ENE Day 1

Excellence without borders: ENE conference day 1

European Commission backing, via the Erasmus + programme, has the power to make the European Training Foundation's new Network for Excellence  (ENE) in vocational education a truly global platform, a senior EU official said on Thursday, 11 March. 

Joao Santos, an official at the EU Commission's DG Employment, EU Support Services and Erasmus +, said that a new focus on supporting learner mobility will mean more financial backing for international platforms that encourage the sharing of excellence in vocational education.

The ETF's Network for Excellence - launched last year and which already brings together 140 Centres of Vocational Excellence (CoVEs) in 25 countries from the EU and partner countries - will be eligible to access a €5 million Erasmus + grant scheme designed to support international educational platforms. Although it does not provide support for infrastructure development (e.g. setting up wifi networks), it does offer the possibility to "co-finance partners from countries outside of the EU where added value can be identified."

"The green and digital transitions are at the heart of the themes the EU will be focusing on in the coming years," Mr Santos told participants Thursday in the first of a two-day online event "Centres of Excellence as engines for vocational education and training development."

He added that a call for 2022 Erasmus+ projects would be published in April and a section entitled "establishing community of practice for Centres of Excellence" will be added in June for those vocational education schools that wished to widen their partnerships.

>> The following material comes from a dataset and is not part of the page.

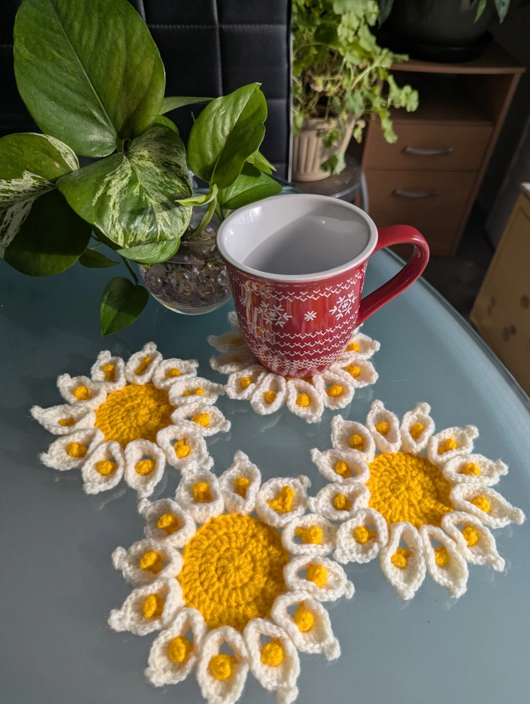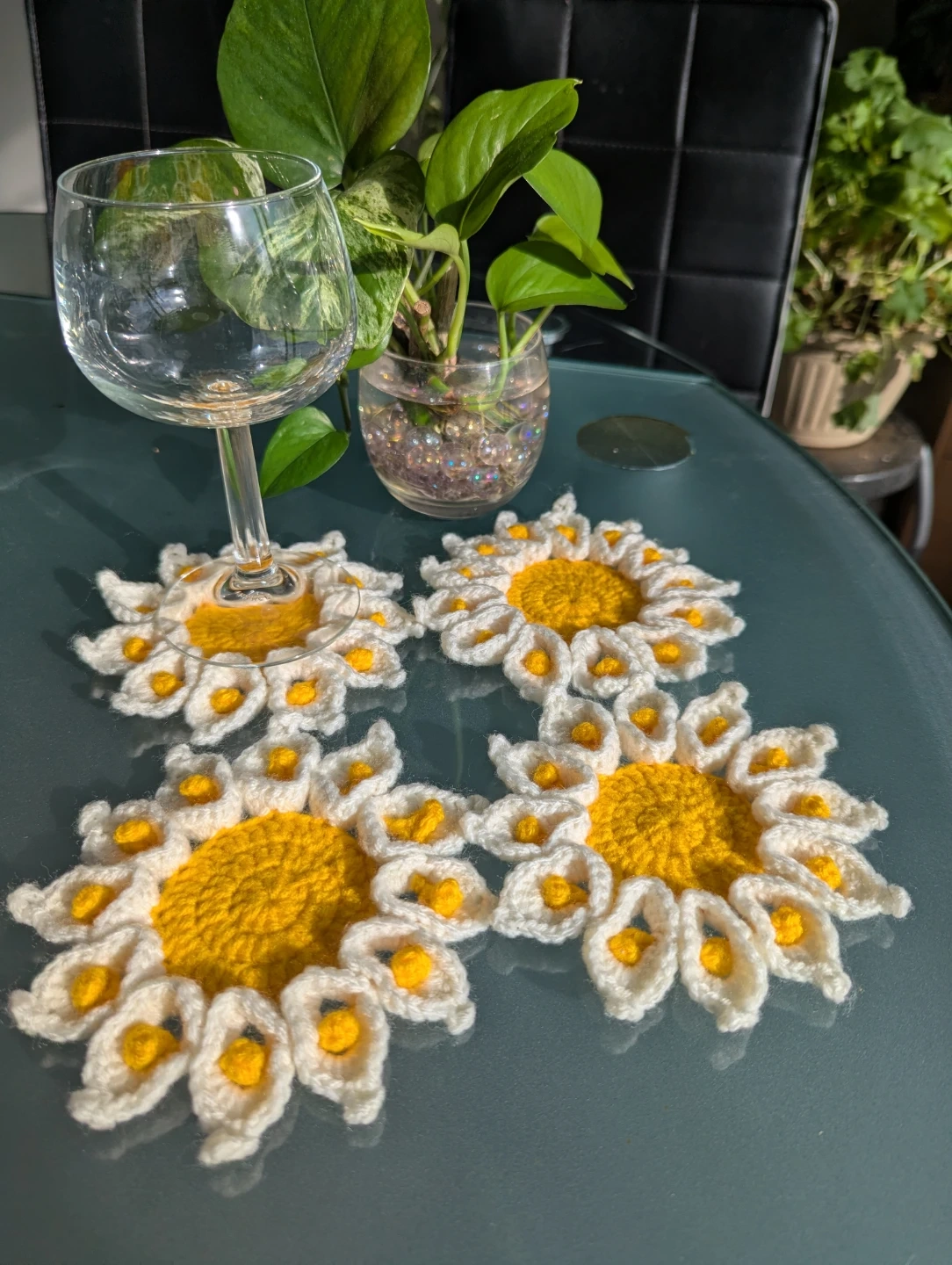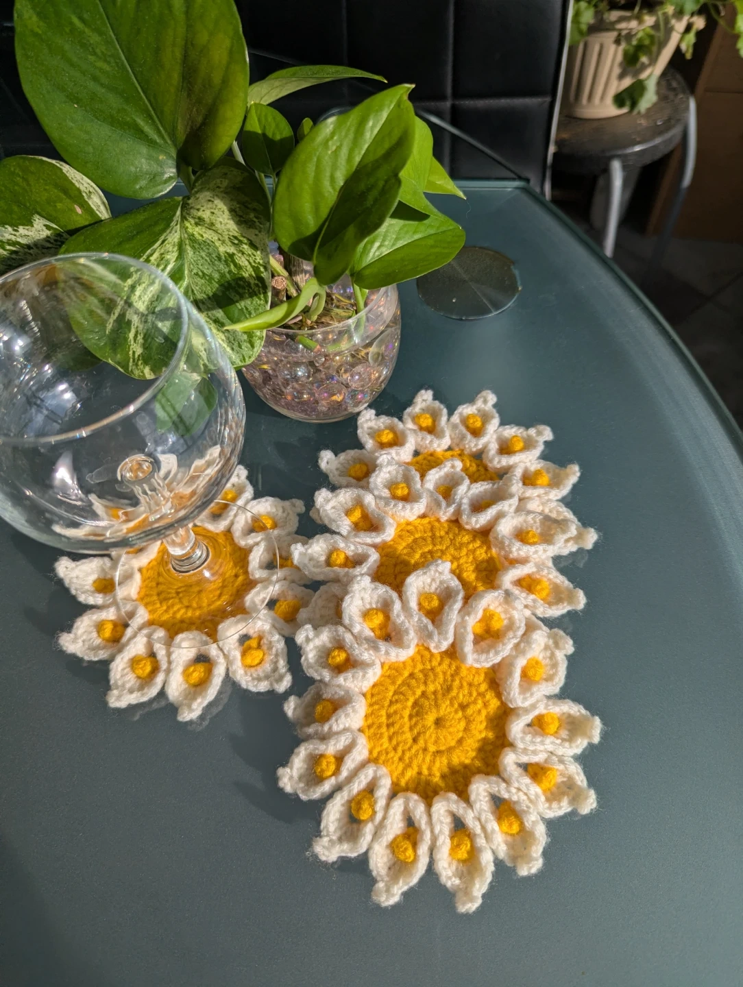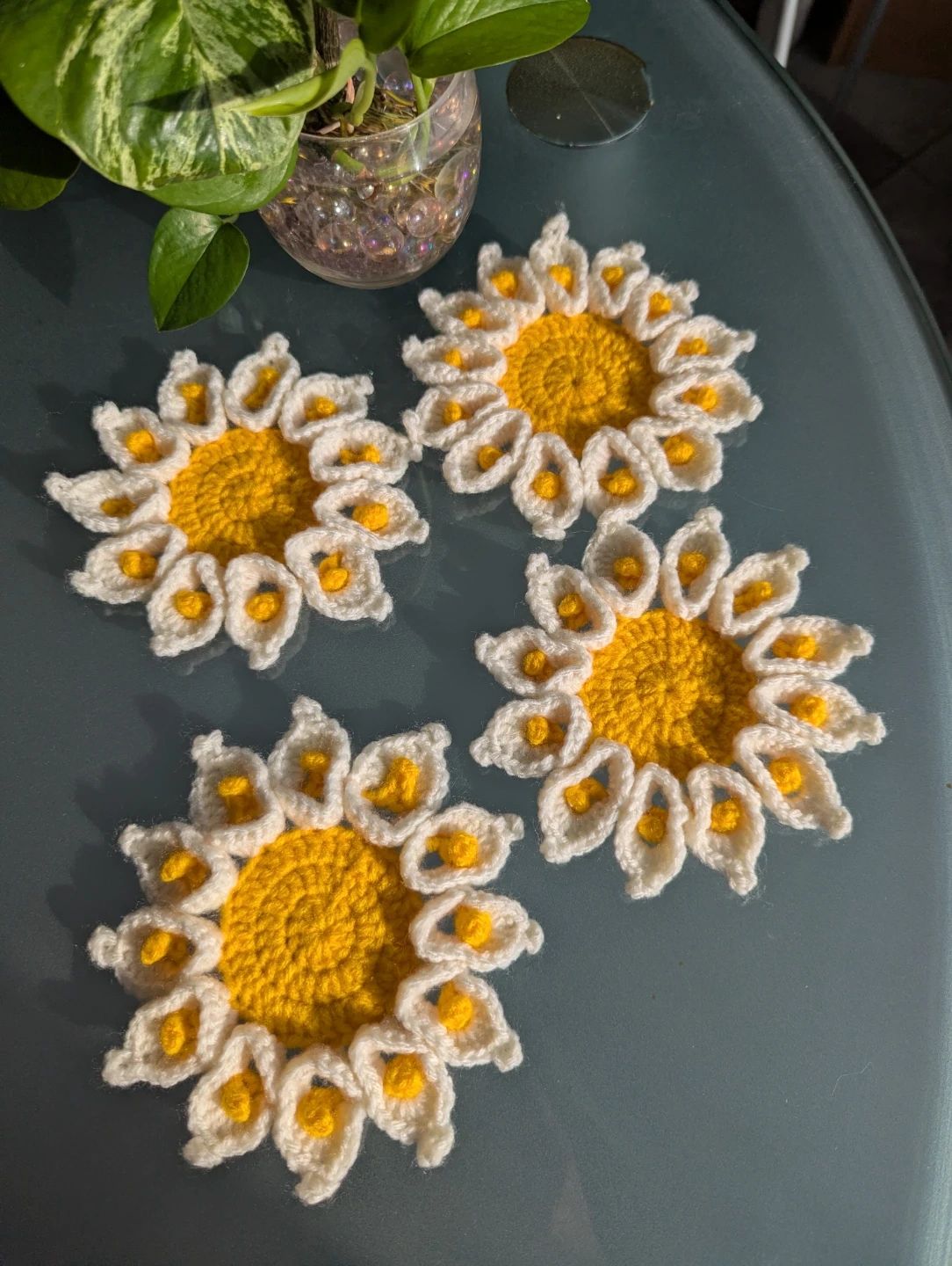 Here are four handmade crochet daisy coasters! They're perfect for adding a touch of sunshine to your coffee table or protecting your surfaces from drink rings. These coasters feature a cheerful yellow center surrounded by white petals, all lovingly crocheted by hand

The event, streamed by the ETF from its Turin, Italy headquarters, with contributors and participants from within the EU and partner countries that included Kazakhstan, Morocco and Serbia among others, focused on what had been achieved since the ENE network was established and core principles for driving partnerships and developing excellence in vocational education.

Initial work with the ENE network last year had focused on developing towards excellence and highlighting the role CoVEs play in work based learning (WBL), participants heard.

Self-assessment surveys had shown that CoVEs were keen to improve in areas that included pedagogy and professional development as well as building skills for greening. Boosting autonomy and working with employers on WBL and in public private partnerships were also areas of common interest across the network.

Danijela Manic, an English teacher and coordinator for international cooperation at the Aviation Academy in Belgrade, Serbia, said that by cooperating with aviation schools across Europe - in France, Czechoslovakia, Romania, Italy, Spain and Turkey - teachers were able to develop professional skills that counted towards Serbian government targets for in-service training.

"We encounter new content, new subjects," Ms Manic said. "We function like a big family and share experience with our VET teachers."

Developing WBL is another key priority area central to the work of CoVEs, whereby closely working with business and industry VET schools can attract students and help ensure a fast developing labour market has access to trained workers with state-of-the-art skills.

Agris Ruperts, Chair of Vocational Educatoin Association of Latvia, which is working on a six country pilote CoVE scheme with Albania, Armenia, Belarus, Kazakhstan, Moldova and North Macedonia, on developing WBL schemes, said: "It is often hard for schools to persuade companies to be interested in work based learning, but it is up to us to show the benefits. In many countries labour shortages are increasing, byt engaging in work based learning companies from the beginning can build their future employee."

Advancing innovative technical and digital solutions to training is another area where CoVEs are forging ahead: in Italy's Reggio Emilia region, 1,000 companies and 50,000 employees are engaged in establishing a "digital district strategy" to more effectively share skills training opportunities.

And in the Basque region of Spain, Luis De La Torre, Associate Professor at the Computer Science and Automatic Control Department, Universidad Nacional de Educación a Distancia (UNED) and CEO of Nebulous Systems, had developed software to enable the remote accessing of laboratories. For an investment of around €6,000-8000 users can access state of the art laboratories without stepping away from their own computer screen.

"With a web camera for video feedback and smart power devices that run only when you are operating a lab experiment remotely, students and researchers can access top facilities from anywhere," Mr De La Torre said.